- steamboat Fleetwood, circa 1890, probably somewhere on Puget Sound

History
- Name: Fleetwood
- Owner: U.B. Scott; Z.J. Hatch
- Route: Columbia River, Puget Sound (Olympia - Tacoma - Seattle)
- Completed: 1881, at Portland, Oregon
- Fate: Sunk, Abandoned on beach at Quartermaster Harbor, circa 1898

General characteristics
- Type: Express passenger
- Tonnage: 135-tons
- Length: 111 ft (34 m)
- Beam: 32 ft (10 m)
- Installed power: steam
- Propulsion: propeller-drive

= Fleetwood (steamboat) =

19th Century Steamboat

The steamboat Fleetwood operated in the 1880s and 1890s on the Columbia River and later as part of the Puget Sound Mosquito Fleet.

==Construction==
Fleetwood was built in 1881, at Portland, Oregon, for Captain U.B. Scott and his associates L.B. Seeley and E.W. Creighton. Fleetwood was propeller-driven, 111' long, and rated at 135 tons.

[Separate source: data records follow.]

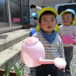 保育園に着くと、2歳児さんは日課のチューリップの水やりです。
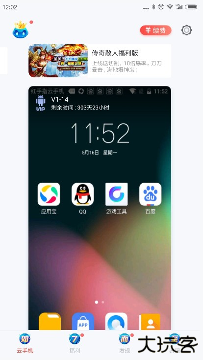 点击上图中的“退出”按钮,可以退出虚拟云手机,返回红手指APP主界面,即云手机类表界面。
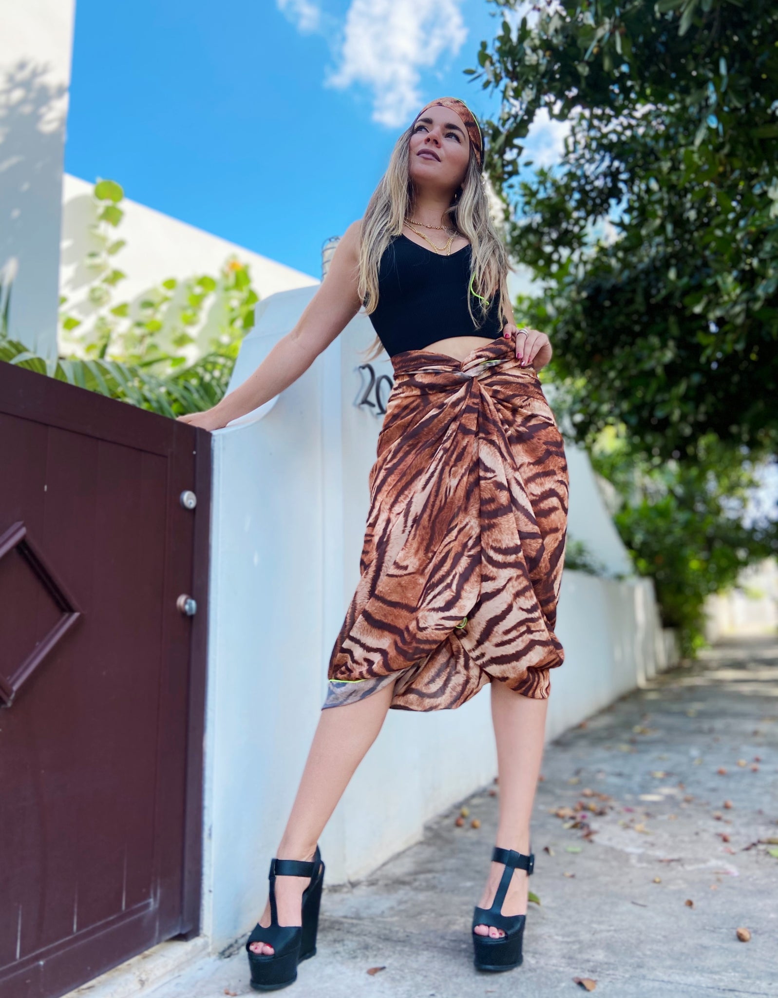 Bold & sexy animal print 2 piece chiffon set. 1-30 styles you can create. So convenient that dries in minutes and fits in the palm of you hand.

==Operations on Columbia River==
Capt. Scott successfully ran Fleetwood on the Astoria and Cascade routes on the Columbia River, in opposition to the would-be monopoly of the Oregon Railway and Navigation Company, then under the control of Henry Villard. Fleetwood outran the monopoly's steamers by two hours on the Astoria run, and built up so much business that Captain Scott had to replace her with the crack sternwheeler Telephone. Captain Scott trimmed up Fleetwood ‘s appearance a bit, not entirely to the liking of historian Newell:

The resulting striped paneling along her house, ginger-bread work on her cabin roof, and high-pointed pilot house roof crowned with a gilt ball, all gave the sturdy little Fleetwood an unfortunate resemblance to a forest cottage in a Grimm’s fairy tale book.
Other masters of Fleetwood on the Columbia River included Capt. William H. Whitcomb, a member of a prominent Northwest marine family, and, on Puget Sound, Capt. Henry Carter.

==Transfer to Puget Sound==
In 1888, Capt. U.B. Scott sold Fleetwood to Capt. Z.J. Hatch, who transferred the vessel to Puget Sound. Fleetwood was brought around to Puget Sound by Captain Messegee for her new owner Capt. Hatch. On the way up, Captain Scott’s fancy trim work on the deckhouse caught fire, but the crew was able to extinguish it and Fleetwood rounded Cape Flattery and reached Neah Bay just 24 hours after leaving the Columbia Bar. Once on Puget Sound Fleetwood ran against another boat transferred up from the Columbia River, Emma Haywood. Fleetwood was advertised as a "fast time" steamer, leaving Horr's Wharf at Olympia at 6:00 a.m., stopping at Puget City, Steilacoom, and the Northern Pacific Railway wharf at Tacoma, and reaching Seattle's Yesler wharf at noon, then returning on the same route, arriving back in Olympia at 7:00 p.m.

In 1889, Fleetwood made record time on a trip from Olympia to Seattle to carry a steam fire engine to the aid of that city during its great fire. When Captain Scott expanded operations up to Puget Sound, he bought back Fleetwood and put her on the Seattle-Tacoma run with the new and eventually much more famous propeller steamer Flyer. On September 7, 1890, Fleetwood engaged unsuccessfully in an impromptu race between Tacoma and Seattle with the then brand-new and very fast sternwheeler Greyhound.

==Abandonment==
In 1898 Fleetwood was abandoned on the beach in Quartermaster Harbor where for many years she was visible as she slowly rotted away.